Pod koniec września w radiowej Trójce Radosław Sikorski był pytany, czy w Strefie Gazy dochodzi do ludobójstwa. Odpowiedział, że "słowa trzeba ważyć". - Jeśli ich nadużyjemy, to następnym razem ich nam zabraknie - mówił.
Według niego, ludobójstwo to jest "celowe, z rozmysłem eksterminowanie jakiejś grupy etnicznej". Jak dodał, "gdyby Izrael chciał dokonać ludobójstwa, toby zajęło to tydzień czy dwa, a to jest konflikt wywołany przez Hamas, poprzez bezprzykładny akt terroru wobec Izraela".
- To jest wojna z Hamasem, Izraela z Hamasem, przy której niestety ginie katastrofalna ilość ludności cywilnej - podkreślił minister.

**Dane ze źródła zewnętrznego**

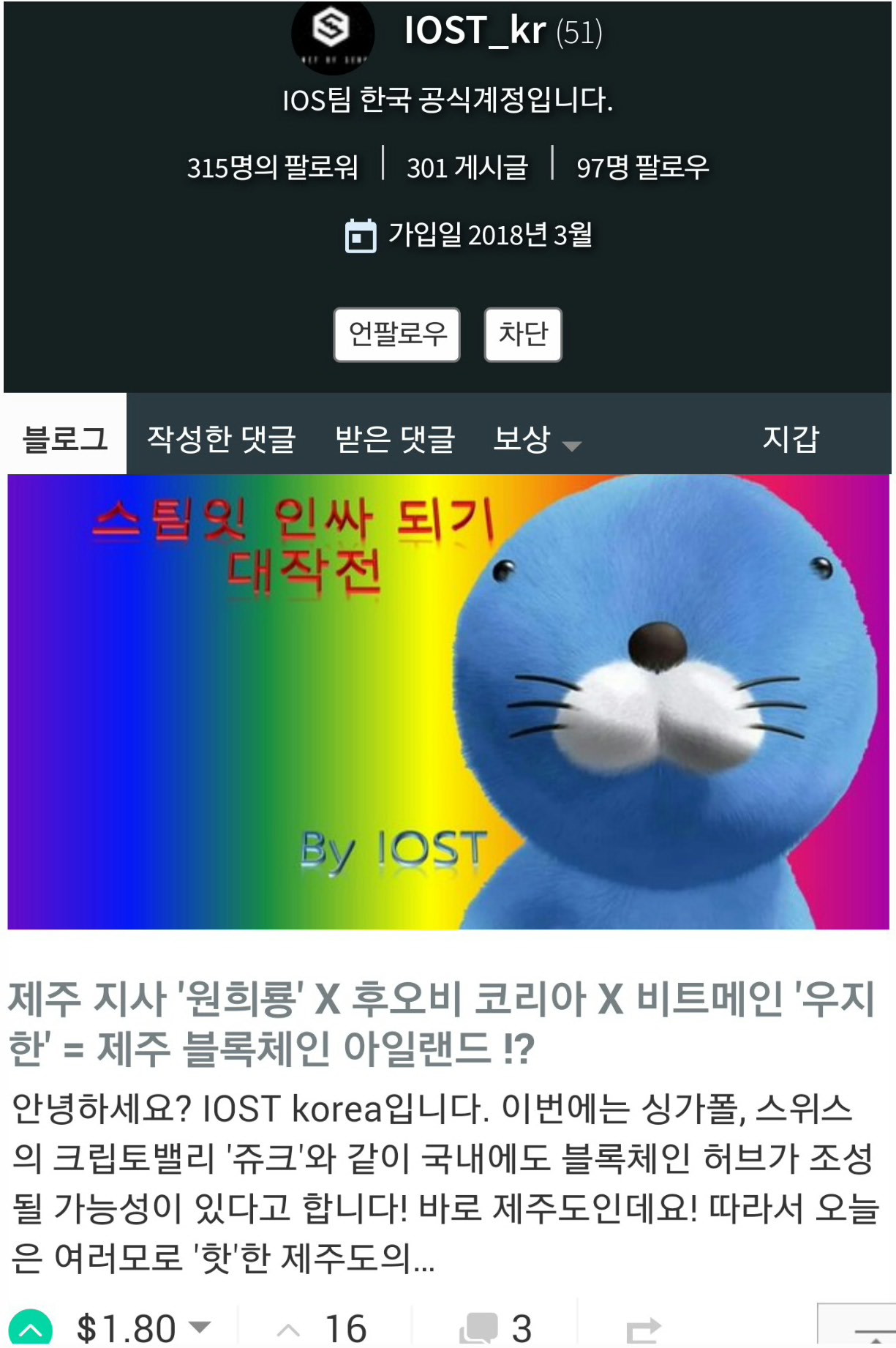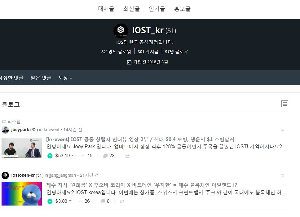 [kr-event] IOST 공동 창립자 인터뷰 영상 2부 / 최대 $0.4 보팅, 행운의 $1 스팀달러

Szef MSZ był też pytany o stanowisko niezależnej Międzynarodowej Komisji Śledczej ONZ ds. Okupowanych Terytoriów Palestyńskich, w tym Wschodniej Jerozolimy, i Izraela, która orzekła, że Izrael popełnia w Strefie Gazie ludobójstwo. - Ja uważam, że to, co tam się dzieje, jest straszliwą tragedią, ale nie wypełnia mojego zrozumienia słowa ludobójstwo - odpowiedział minister.